> **Task prompt**: Which lines run from the start of the material below through the line containing "3 BHK+3T(1,660 Sq Ft)₹ 1.05 Cr*"? Retype them exactly, pictures excluded.

> **Dataset excerpts**:
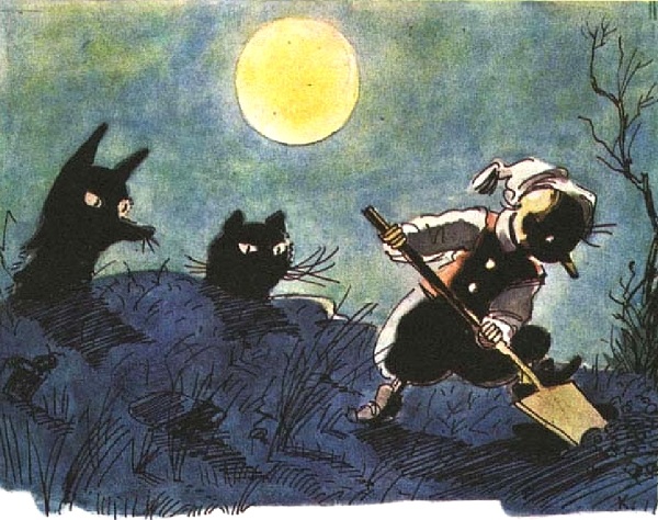 Лиса мъкнеше Буратино по улицата. Те видяха в лунната светлина над тротоара да се разхождат сити котараци със златни очила, под ръка с котки, които имаха на главите си шапки.
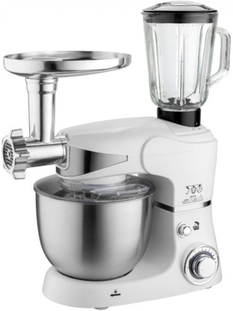 skleněný mixér o objemu 1,5 lNerezová mísa o objemu 5 litrů je navíc opatřena průhledným bezpečnostním krytem. Otvor v něm usnadňuje přidávání jednotlivých ingrediencií během přípravy. Základna mixéru má protiskluzové nožičky. Model je také vybaven funkcí zámku ramene ve zvednuté poloze.
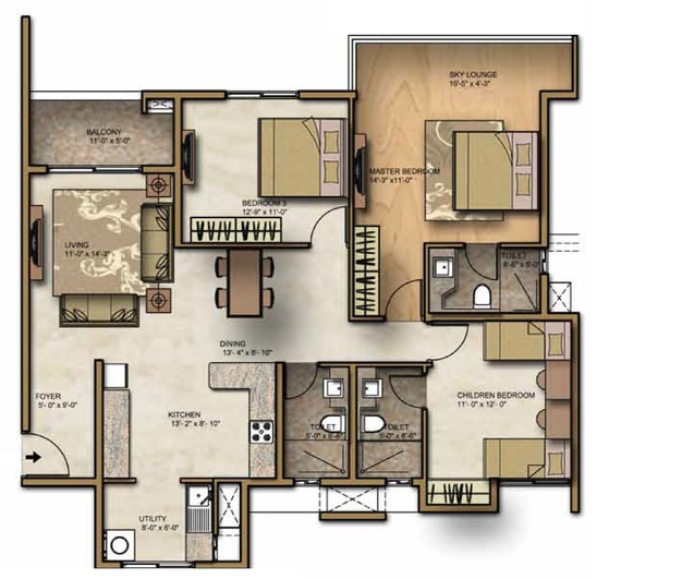 3 BHK+3T(1,660 Sq Ft)₹ 1.05 Cr*
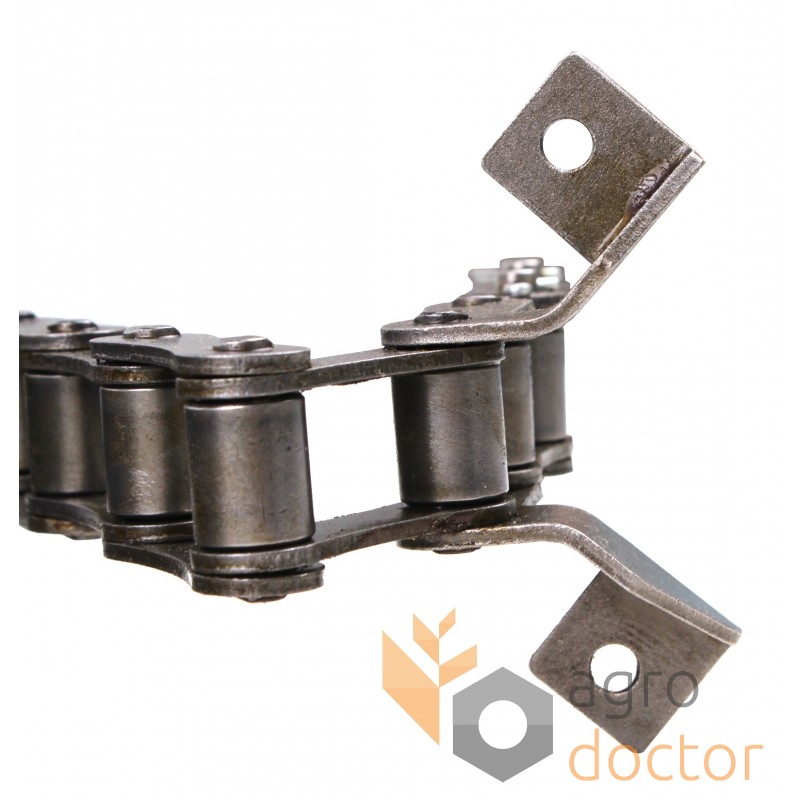 Цепь транспортерная S55V/SE/J2A роликовая длиннозвенная состоит из специальных звеньев с лапками, предназначенных для крепления рабочих органов (скребков, планок, гребенок и т.д.), чередующихся в заданной последовательности со звеньями приводных роликовых длиннозвенных цепей.
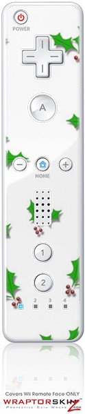Wii Remote Controller Skin - Christmas Holly Leaves on White

> **Response area**:
 Лиса мъкнеше Буратино по улицата. Те видяха в лунната светлина над тротоара да се разхождат сити котараци със златни очила, под ръка с котки, които имаха на главите си шапки.
 skleněný mixér o objemu 1,5 lNerezová mísa o objemu 5 litrů je navíc opatřena průhledným bezpečnostním krytem. Otvor v něm usnadňuje přidávání jednotlivých ingrediencií během přípravy. Základna mixéru má protiskluzové nožičky. Model je také vybaven funkcí zámku ramene ve zvednuté poloze.
 3 BHK+3T(1,660 Sq Ft)₹ 1.05 Cr*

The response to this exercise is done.